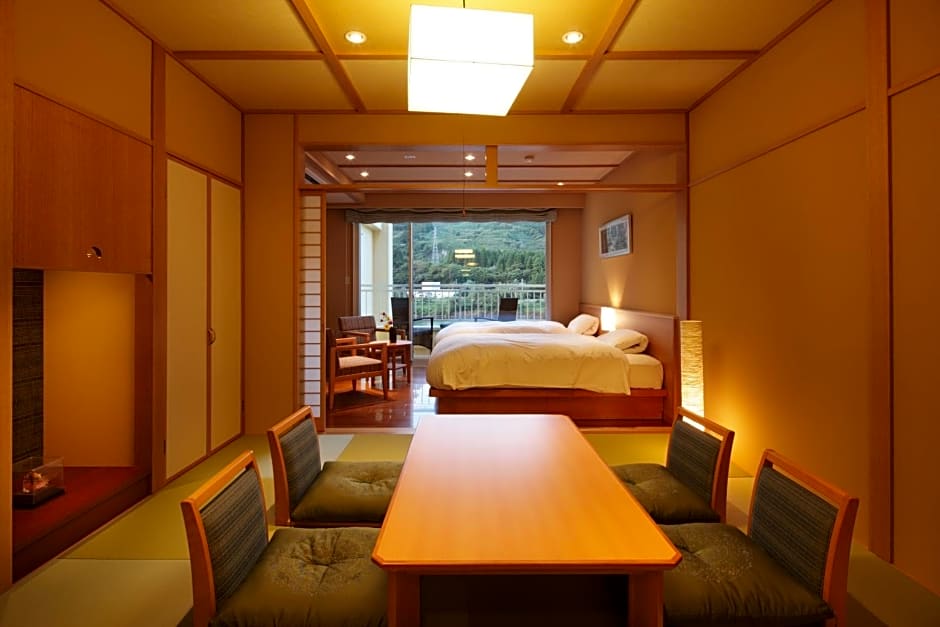 At Satorikan, there's no shortage of unique room options that cater to every traveler’s taste and needs! Choose from charming Japanese-style accommodations, with cozy futon mats perfectly nestled on tatami floors for an authentic experience. Imagine drifting off to sleep beneath delicate shoji screens, only to wake up to magnificent views of the nearby mountains or rivers. For those who prefer a more laid-back experience, the comfort of a room with twin beds awaits. Whether you’re traveling as a couple or as part of a big family gathering, Satorikan offers enough space to ensure that everyone feels right at home.
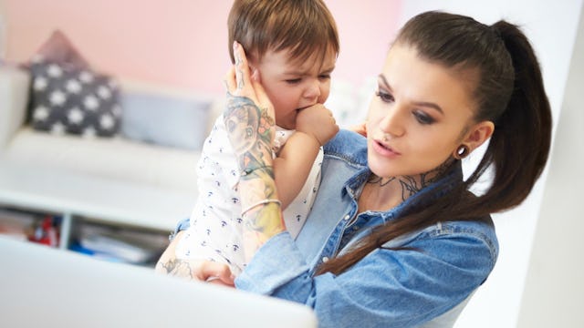 Yup, that’s right. The girl with the half-shaven head, wild-colored hair, and overall badass appearance isn’t shoving jewelry through her toddler’s ears.
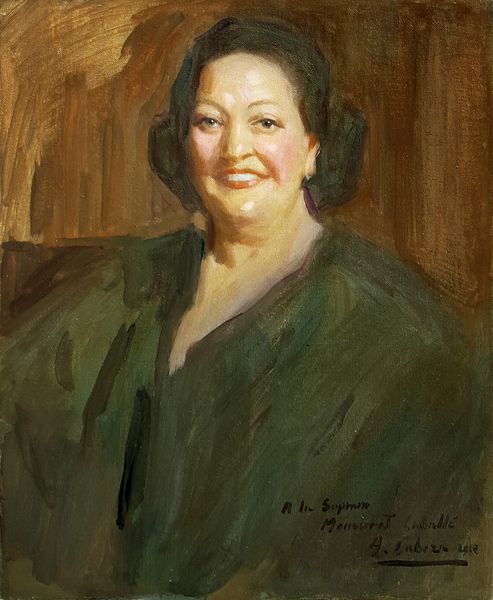 Curator: This is "Nadège Picq," an oil painting created in 2013 by Gazmend Freitag. The work immediately conveys a sense of intimate familiarity. What’s your first impression? Editor: I'm struck by the portrait's overall warmth. There’s a feeling of kindness and openness emanating from the subject's expression and the soft brushstrokes. Curator: I agree. The eyes seem to hold centuries of wisdom, or at least a knowing glance that implies an inner depth. What could the artist be suggesting? Editor: Freitag has chosen to represent her in a way that feels approachable. The slightly turned head and the gentle smile imply that this might be a representation of strength, kindness and resilience, typical features that are usually sought in community leadership, perhaps pointing to an understated yet essential aspect of societal strength. Curator: That makes sense when considered through the prism of female leadership and its changing representation in modern painting. But look closer at details, such as her jewelry or her half-smile. What symbols may these embody? Editor: Her hoop earrings might be visual representations of community ties. While their circular shape speaks to the idea of continuity and wholeness, or cycles of growth and connection. As if they embody the continuous support systems and bonds. I wonder whether they represent, for example, social movements the sitter was linked to. Curator: Those could signify the circles within which one lives. Furthermore, if this individual was committed to working for a cause or had progressive ideas about making a positive impact, this painting could represent one’s ability to see beyond limitations. I see this gaze embodying what Jung called "active imagination". Editor: I would not completely rule out the idea of individual agency in all this. While your explanation sounds compelling, are we not reinforcing patterns that reduce this portrayal to a symbolic dimension? I’m more intrigued to know who she was and what role her community occupied within the society. Curator: Of course. We ought to keep searching for such data that gives an identity back to the portrayed person. Otherwise, we could interpret all of it based only on culturally inherited views on power, femininity or race. Editor: It certainly serves as a prompt to delve deeper into understanding female representations, to examine who they are, and their socio-political backgrounds, instead of simply attributing symbolic meaning based on visual features. Curator: Precisely. A powerful invitation to examine both ourselves and the broader cultural narratives that shape how we interpret the world around us.

*WHAT IS EXPECTED*.
Give again, word for word, the lines above from the first one through the one containing "Yup, that’s right."; no pictures.

*YOUR SOLUTION*.
 At Satorikan, there's no shortage of unique room options that cater to every traveler’s taste and needs! Choose from charming Japanese-style accommodations, with cozy futon mats perfectly nestled on tatami floors for an authentic experience. Imagine drifting off to sleep beneath delicate shoji screens, only to wake up to magnificent views of the nearby mountains or rivers. For those who prefer a more laid-back experience, the comfort of a room with twin beds awaits. Whether you’re traveling as a couple or as part of a big family gathering, Satorikan offers enough space to ensure that everyone feels right at home.
 Yup, that’s right. The girl with the half-shaven head, wild-colored hair, and overall badass appearance isn’t shoving jewelry through her toddler’s ears.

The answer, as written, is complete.